We have a very small business and accept credit/debit cards - we previously dealt with Ulster Bank and got a really good deal of something like €12.50 a month for the terminal rental and then paid commission on payments, Ulster Bank then transferred this service to Streamline.

We recently changed our internet to UPC and our old terminal wasn't compatable (old telephone line v fibreoptic) ... we looked at the various options, rang Streamline (they were useless!) and in the end we had to get a new terminal through Verifone which is costing us over twice as much as the previous terminal. We were then paying Streamline for the commission only. Our business is small and there are months we don't have any transactions at all.

Got an Invoice yesterday from Steamline for 90.25 VAT incl. I rang them, apparently they sent us a letter in August (don't recall seeing it) in which they told us they were now going to charge 30 minimum per month, 36.99 annual fee and 11.99 per month non-compliance charge (apparently we have to fill in something online in order to comply).
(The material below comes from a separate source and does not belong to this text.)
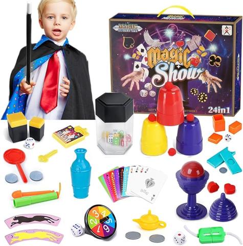 BOYIFEIJIE Kit de 75 tours de magie pour enfants à partir de 6, 7, 8 ans, avec baguette magique, chapeau magique et instructions (français non garanti) : Amazon.com.be: Jouets
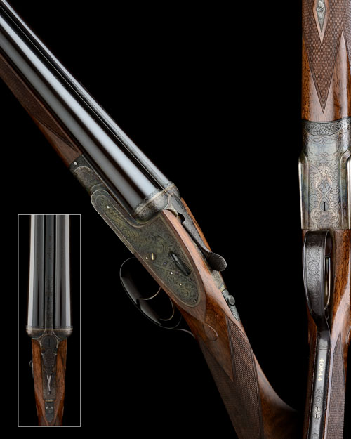 28in. nitro chopperlump barrels, the rib finely engraved with stylised floral motifs at the breech end and engraved in script ' THE ROYAL', the tubes engraved 'HOLLAND & HOLLAND. 33, BRUTON STREET, LONDON.', 2 3/4in. chambers, bored approx. 1/4 and 1/2 choke, automatic safety with gold-inlaid 'SAFE' detail, gold-inlaid cocking-indicators, rolled-edge triggerguard, the action, lockplates and furniture finely engraved with Holland & Holland ribbon scroll engraving, the makers name in scrolling banners on the lockplates, the underside with an elaborate cartouche engraved 'THE ROYAL', retaining virtually full original colour-hardening and finish, 15 1/4in. well-figured stock, weight 5lb. 13oz., in its lightweight leather case with accessories and canvas and leather outer

I would certainly have remembered this letter coming in!!

We are now thinking of changing merchant, does anyone have any suggestions?

We are mostly annoyed at Streamline because when we phoned them a few months ago when we were trying to way up the various options this new pricing wasn't mentioned, we don't recall a letter coming in from them, and also when we were having problems with the noncompatability they were more than useless!

Thanks - sorry about the rant .....


----------



## terrysgirl33 (7 Dec 2012)

It may be worth considering if you need to keep a credit/debit card facility?  I don't know the ins and outs of it, but I've noticed more and more shops have a sign saying they don't take cards.


----------



## Allimac (7 Dec 2012)

I know Terrysgirl, we did wonder about that ourselves and maybe that is what we'll have to do ... unfortunately though we have signed a contract for the terminal as well as paying the set up fee of almost €250 only a couple of months ago ......


----------



## Amy77 (29 Dec 2012)

hey, i am in the same situation, i have a small business and only noticed today that Streamline is charging me 39.00, i rang them of course and apparently Visa asked them to do it and is a "new thing", when i replied i don't agree with any extra (appart from the normal Laser, Visa or Mastercard transaction fees) i was advised to cancel the terminal, as regards to the letter in August i was told the same and i never received anything, i am thinking to cancel everyhing as well, sick of all these new charges


----------



## pog3000 (16 Oct 2014)

*Transactions not reaching the bank account*

Recently, I changed provider from AIB merchant services to payment sense as there offering seemed to be substantially cheaper. Today I found out that NONE of the transactions have been banked (a month later). I rang the rep and am waiting for him to get back to me. Has anyone any information on what I should do next? Thanks in advance


----------